Ratbi Ilham, Elalaoui Siham Chafai, Moizard Marie-Pierre, Raynaud Martine, Sefiani Abdelaziz
Department of Medical Genetics, National Institute of Health, Morocco.
Turk J Pediatr. 2010 Sep-Oct;52(5):525-8.
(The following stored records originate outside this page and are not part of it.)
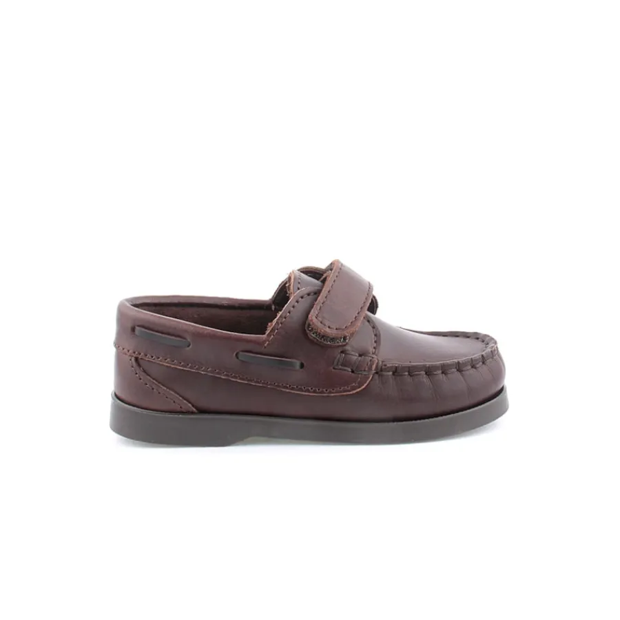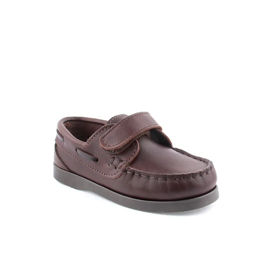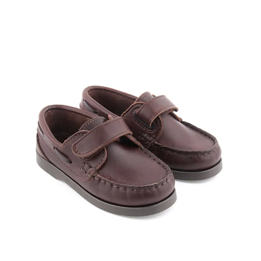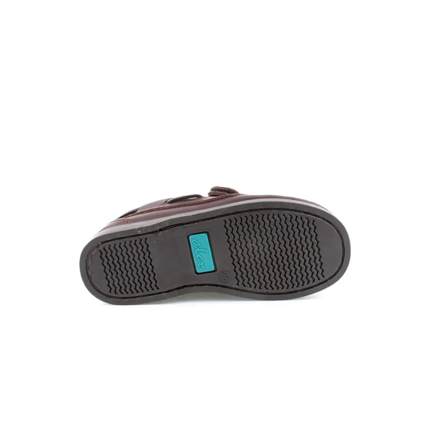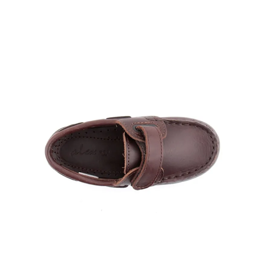 Sapato em pele para criança com fita em velcro. Disponível nas cores azul e castanho.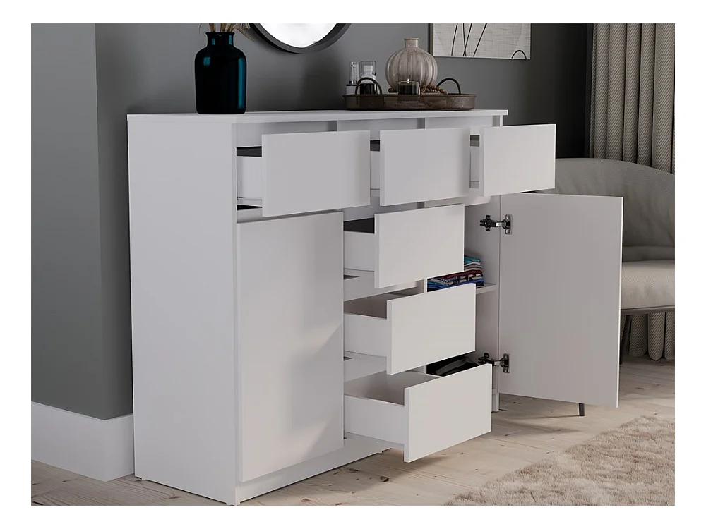 MALWA - Commode 6 tiroirs et 2 portes - 100x120x40 - chambre/bureau/salon - Blanc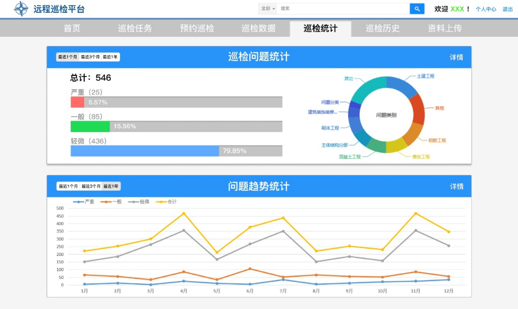 巡檢數(shù)據(jù):巡檢任務(wù)的統(tǒng)計、巡檢問題的統(tǒng)計、問題趨勢的統(tǒng)計。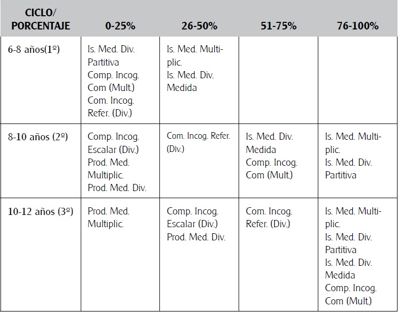Si analizamos la evolución en el nivel de éxito a lo largo de Educación Primaria de las diferentes categorías de problemas, es posible identificar características relevantes. En la categoría isomorfismo de medidas en los tres primeros cursos, los problemas de multiplicación son los más fáciles (frente a los dos tipos de división), siendo los problemas de división medida más fáciles en 1er y 2º curso, y los de división partitiva más fáciles en 3er curso (invirtiéndose en este curso el nivel de dificultad para los dos problemas de dividir). Sin embargo, en los tres últimos cursos los problemas de división partitiva fueron los más fáciles, seguidos de los de división medida y por último los de multiplicación (a excepción del 5º curso, donde disminuyó el porcentaje de éxito en los de división medida). En relación a los problemas de comparación multiplicativa, se mantiene el mismo patrón a partir del 3er curso (en 2º, el porcentaje de éxito fue muy bajo). Los problemas de multiplicación fueron los más fáciles en todos los cursos, mientras que entre los problemas de dividir, los problemas con incógnita el escalar eran más difíciles que los problemas con la incógnita el referente. Por último, en los problemas de producto de medidas, los problemas de multiplicación fueron más fáciles en 3º, pero a partir del 4º curso los problemas más fáciles en esta categoría fueron los de división.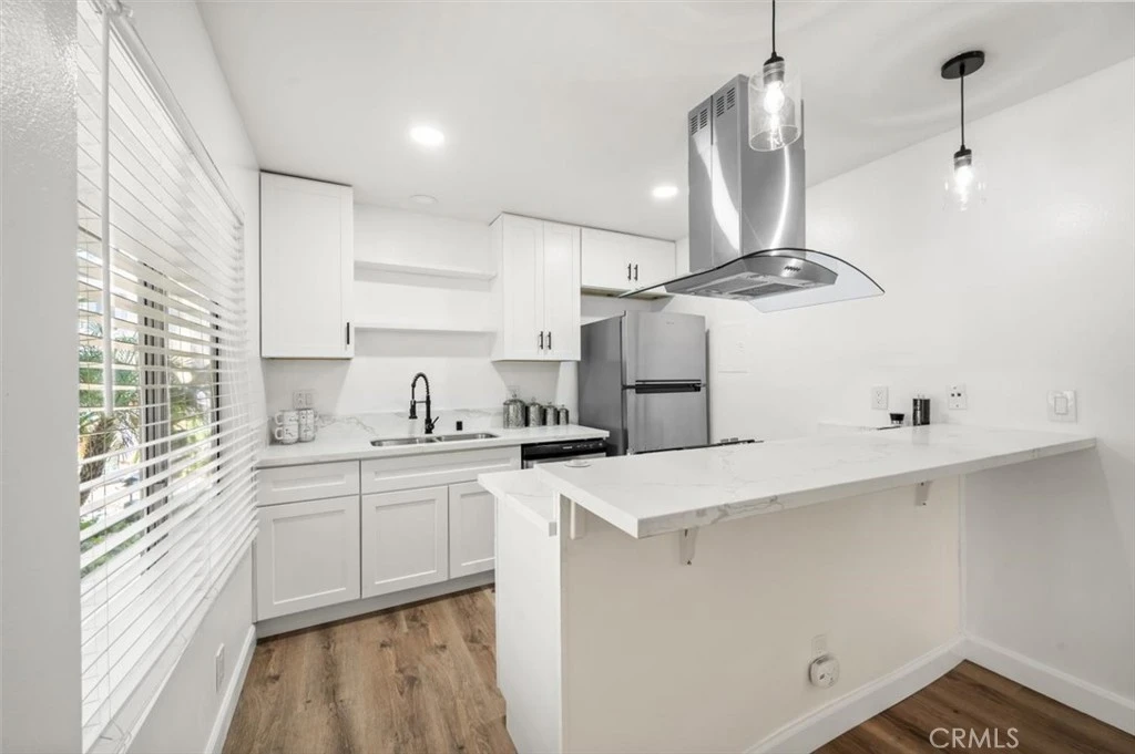 Ready to sell--it is your opportunity to enjoy this ground floor unit which is in a great location. It is a rare opportunity to own a home where tranquility meets modern living, including the soothing ambiance of a babbling brook that meanders right by your doorstep! The condo has been freshly painted and ready for you to move in. It features a beautiful and modern kitchen, with shaker cabinetry, stainless steel appliances, quartz counter tops and a breakfast bar. Over the range is a sleek overhead exhaust which not only enhances air quality but also serves as a stylish focal point in the kitchen. It seamlessly blends with the overall modern aesthetic of the condo. Experience a bright and inviting atmosphere with recessed lighting and custom fixtures that enhance the aesthetic appeal of every room. Step onto the new laminate wood floors that not only add warmth but also provide a durable and easy-to-maintain surface, combining style with practicality. Whether you're seeking warmth on a chilly evening or a refreshing escape from the summer heat, this condo's upgraded HVAC system is designed to cater to your every need. The condo was put back on the market--approximately a month ago and a leak was discovered under the kitchen sink. The condo has ben repaired, new flooring throughout, new lower cabinets in the kitchen, a new bathroom vanity. Any and all affected drywall was cut out and replaced. Your designated carport, #570, is just steps away from your condo, providing easy access. Enjoy the flexibility of an unassigned extra parking space for a second vehicle. The community has beautifully manicured grounds, a pool, spas, workout room and two laundry rooms. Enjoy the outdoors with close access to both Maybury Park and Cabrillo Park, perfect for leisurely strolls, picnics, or family outings. Experience the convenience of nearby shopping, including a grocery store within walking distance. Explore a variety of restaurants, entertainment options, and the Santa Ana Zoo, all just moments away. Easy access to the 55, 5 and 22 Freeways. Check out the video to see for yourself. This is a Probate Sale, with NO Court Confirmation required. Since it is a probate sale, it is being sold strictly ‘as-is’ with no repairs and no credits for repairs.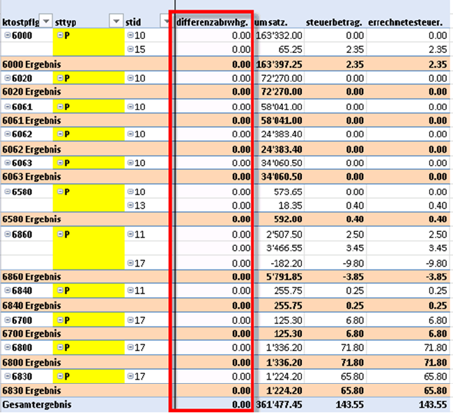 6. Kontrollieren MwSt-Sätze mit Umsatz und gebuchter Steuer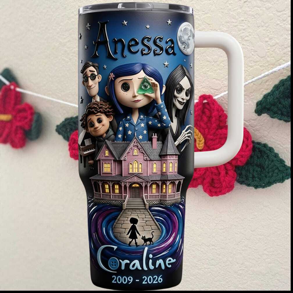 Mark 17 years of Coraline’s enchanting other world with this personalized anniversary tumbler. Dark, whimsical, and beautifully detailed — a unique gift for fans of Neil Gaiman’s beloved story.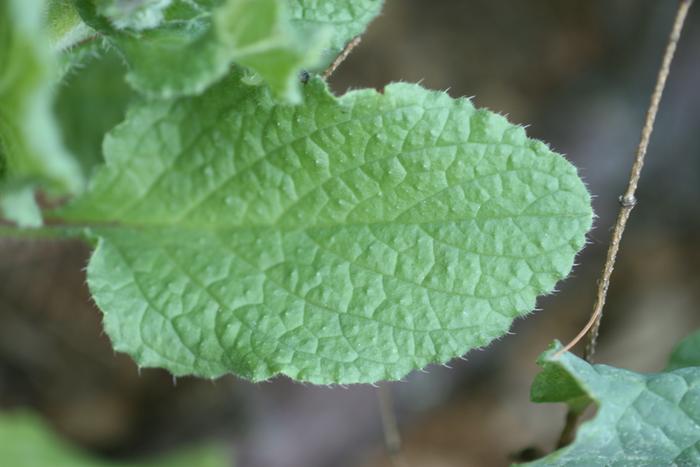 The second photo borage's rather bumpy looking leaf with deeper veins, more bristles, a more irregular margin, and a more rounded tip.
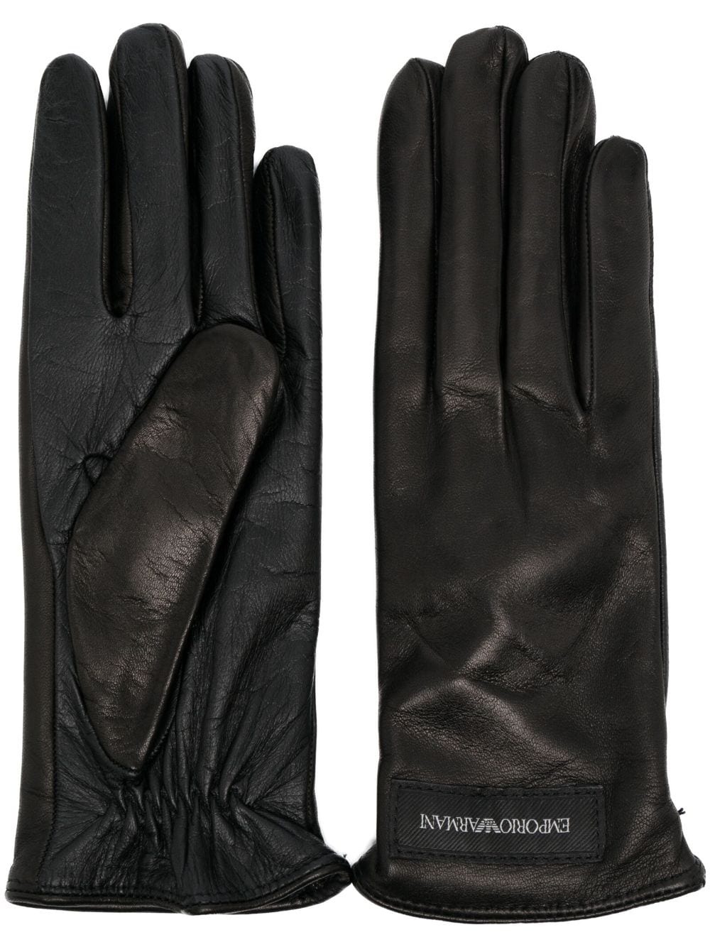 logo-patch leather gloves Highlights - Black - Calf leather/wool - Logo patch to the front - Pull-on style - Elasticated cuffs Made in Italy Composition Outer: Calf Leather 100% Lining: Wool 100% Washing instructions Specialist Cleaning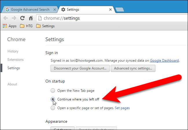 선택하지 않은 경우 설정 화면이 새 탭에서 열립니다. 별도의 창에서 Chrome 설정 열기 . 시작시 섹션에서 "중단 한 부분에서 계속"옵션을 선택합니다.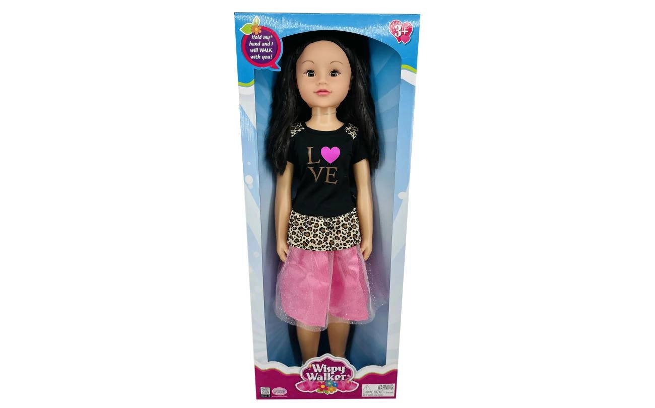 Deze grote pop van 81cm loopt als een zus mee aan je hand.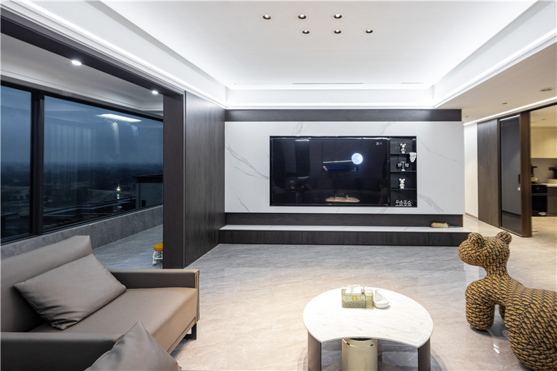 電視背景墻采用整面大理石紋背板,將電視機(jī)嵌入?yún)f(xié)調(diào)統(tǒng)一布局,側(cè)邊深調(diào)開放格放置裝飾擺件,突顯個(gè)性化;一字型電視底柜為無(wú)拉手設(shè)計(jì),是小物件及常用物品的存放地。
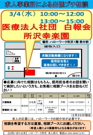 5. 【所沢】3/4(水) 医療法人社団 白報会 所沢幸楽園による出張プチ相談を開催します!

Simpson-Golabi-Behmel Syndrome (SGBS) is a rare recessive X-linked disorder characterized by pre- and postnatal overgrowth, distinctive dysmorphic facies and variable congenital malformations. Most cases have been attributed to mutations in the Glypican-3 (GPC3) gene located at Xq26. Glypican-3 plays essential roles in development by modulating cellular responses to growth factors and morphogens. We report here a novel nonsense mutation of the GPC3 gene in a five-year-old Moroccan patient of consanguineous parents who had SGBS phenotype associated with congenital hypothyroidism.
辛普森-戈拉比-贝梅尔综合征(SGBS)是一种罕见的隐性X连锁疾病,其特征为出生前后过度生长、独特的畸形面容和多种先天性畸形。大多数病例归因于位于Xq26的磷脂酰肌醇蛋白聚糖-3(GPC3)基因突变。磷脂酰肌醇蛋白聚糖-3通过调节细胞对生长因子和形态发生素的反应在发育过程中发挥重要作用。我们在此报告一名五岁摩洛哥患儿的GPC3基因新的无义突变,该患儿父母为近亲结婚,具有与先天性甲状腺功能减退相关的SGBS表型。